There's been something going around the academic blogosphere these past few months, with many long-time bloggers of roughly my generation wondering aloud about the purpose of their blogs now that their professional status is more secure. I've had those questions, too. A lot of us started blogging when we were grad students or were just starting our first full-time academic jobs, when we were growing into our professional identities but still felt pretty marginal. The period of becoming--the story of how one builds a life and fashions a self--is, after all, a traditional subject for narrative.
But now that we're done struggling upward, or have at least hit a significant narrative plateau (and now that we have enough buy-in that we're not going to be writing with complete candor about a specific obnoxious colleague, a gossipy scandal, or a potentially disastrous institutional initiative), then what's the point for those of us whose blogs are mostly life chronicles? Who wants to read about the relatively low-stakes struggles of the tenured?
I don't know the answer to the last question, but I suppose my answer to the first one is that, first of all, the story isn't actually over--and secondly, we were never fully candid and never really that marginal to begin with.

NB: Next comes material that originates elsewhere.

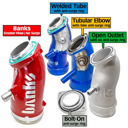 Adding an anti-surge ring after-the-fact only restricts airflow. Our tests of large outlet diameter aftermarket elbows retrofitted with anti-surge rings showed a pressure drop equal to the factory intake elbow. In other words, it completely negated all airflow benefits, matching or underperforming stock.

Graduate school and the job market may have traumatized us, and we may even have spent a year or two as contingent faculty, but let's face it: those of us who went to fancy Ph.D. programs weren't ever in the belly of the academic beast (though we may have spent some time caught unpleasantly in his esophagus). So if we're more privileged now than we were then, it's only a matter of degree.
My point isn't that only the most marginal deserve our sympathy or have stories worth telling, but the opposite: academia can be brutalizing even for the relatively privileged, and as long as we're not conflating our lot with that of those further down the privilege chain--and as long as we're listening to them, too--writing honestly about our professional lives is a service no matter where we are or how much good fortune seems to outweigh the bad. (That guy we all know who didn't get tenure at Harvard or Yale or Chicago a decade ago, and who retells the story every year at the the conference hotel bar? Yeah, he's annoying as hell. But his story about the profession is a real one too.)
In the comments to my last post, I mentioned that I was striving to write both honestly and ethically: I want to tell the truth, including the emotional truth, of my professional life without being merely emotional and reactive, in a way that maintains the privacy of those who haven't signed up to be blogged about, and also in a way that at least implicitly recognizes my own privilege.
We'll see how it goes. But I'm hopeful that my life post-tenure is still worth writing about, and worth reading.